# weekend range report...new shooter



## ng00 (Nov 18, 2009)

Fired about 400 rounds through my new Glock 17 over the course of the weekend. here are 2 targets. 1 from saturday and 1 sunday.

9mm Luger rounds - 9x19mm 115gr FMJ PPU

Rented a lane on both days for about an hour. Have to learn to control my breathing, but all in all, i think i did alright for only shooting a handful of times prior to this.


----------



## ng00 (Nov 18, 2009)

I would really appreciate any tips, hints or little tricks to make a range experience and my accuracy a little better.


----------



## rccola712 (Aug 26, 2008)

Good Job! One way you could practice more is dry firing. You can order snap caps, which are basically 'fake' bullets, they have a spring in them to absorb the firing pin strike, and ensures you won't damage your pin while dry firing. They're a cheap way to practice trigger control, stance, ect. 

If you use snap caps, still treat it like its a loaded weapon and make sure no ammo is anywhere near the gun!


----------



## ng00 (Nov 18, 2009)

i did buy a box of snap caps the other day. 

Now, are they supposed to reset the pin after i pull the trigger? cause the trigger is not resetting when pull it. (unless of course, its not supposed to) 

I would love to practice the Glock trigger reset so i can feel when the saftey is disengaged and I can pull freely.


----------



## dosborn (Apr 17, 2009)

ng00 said:


> i did buy a box of snap caps the other day.
> 
> Now, are they supposed to reset the pin after i pull the trigger? cause the trigger is not resetting when pull it. (unless of course, its not supposed to)
> 
> I would love to practice the Glock trigger reset so i can feel when the saftey is disengaged and I can pull freely.
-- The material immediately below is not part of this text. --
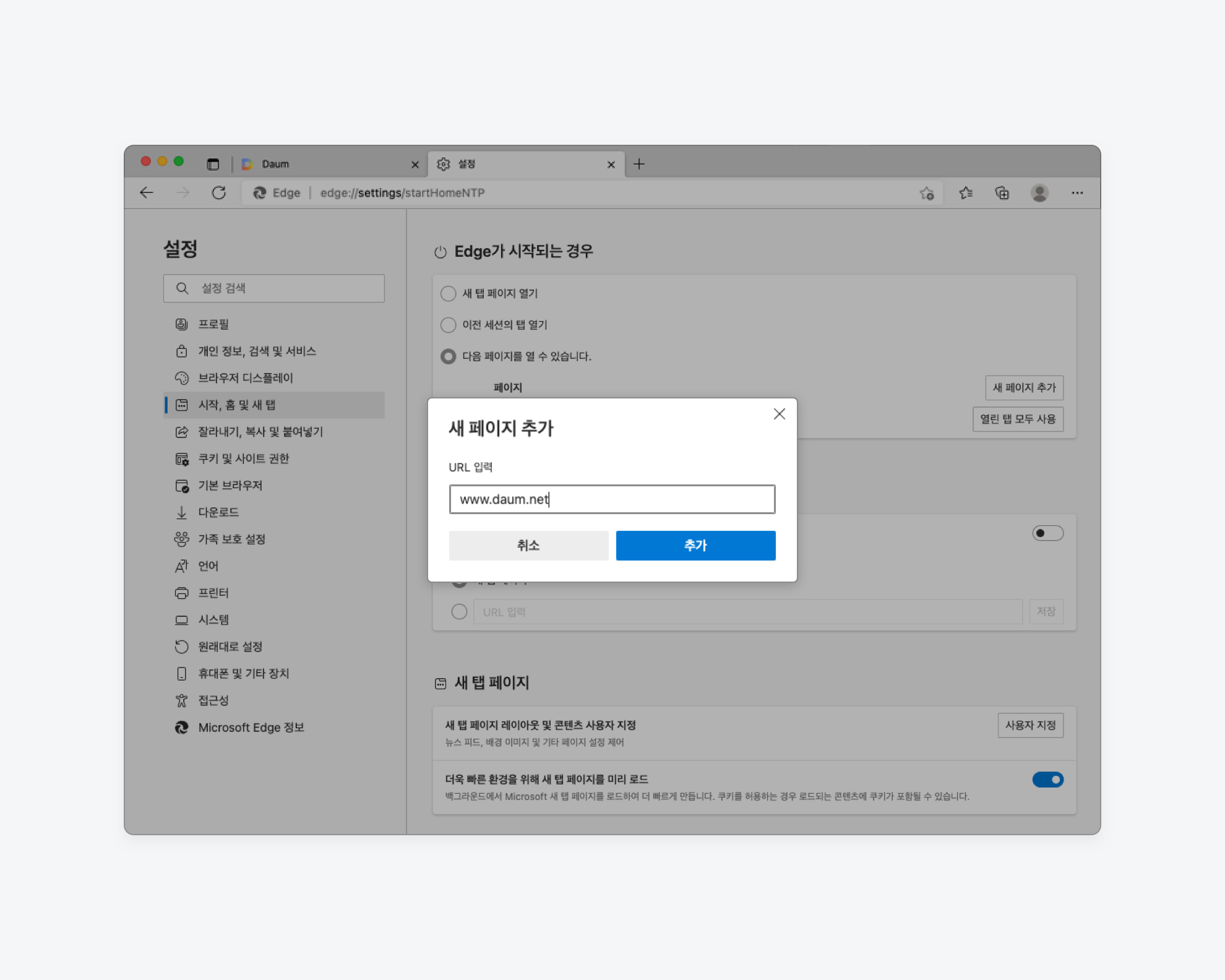 엣지 브라우저 환경에서 다음을 시작페이지로 설정하려면 어떻게 해야 하나요?

It's not supposed to unless the slide comes back to "re-cock" the gun. You will have to do this manually. Just load up all 5 caps in the mag and have fun!!


----------



## ng00 (Nov 18, 2009)

great. i thought i was doing something wrong but thats exactly what i was doing.


----------



## ng00 (Nov 18, 2009)

Friday afternoon 1/2 hour range time.
10yds - Glock 17.

I figured out the trigger reset and started to shoot with both eyes open.


----------



## Barryd (Mar 15, 2009)

A big improvement. Practice, practice,practice.


----------



## ng00 (Nov 18, 2009)

steadier breathing too. big help.


----------



## YFZsandrider (Feb 28, 2009)

Jeez, looks like the lady on the target is holding a 12 ga revolver :mrgreen:

:anim_lol:


----------



## zhurdan (Mar 21, 2008)

YFZsandrider said:


> Jeez, looks like the lady on the target is holding a 12 ga revolver :mrgreen:
> 
> :anim_lol:


It's the new Taurus Judgement Day revolver in 12g.

@ OP

Slow down. Try to make one ragged hole. Anything you teach your muscles now will be twice as hard to unlearn later.

Good luck!


----------



## ng00 (Nov 18, 2009)

YFZsandrider said:


> Jeez, looks like the lady on the target is holding a 12 ga revolver :mrgreen:
> 
> :anim_lol:


she's one crazy looking bitch. my wife wanted to know why i'm always shooting at women at the range. I told her i had my choice between "angry home invader" and " bitchy wife". I chose the "bitchy wife".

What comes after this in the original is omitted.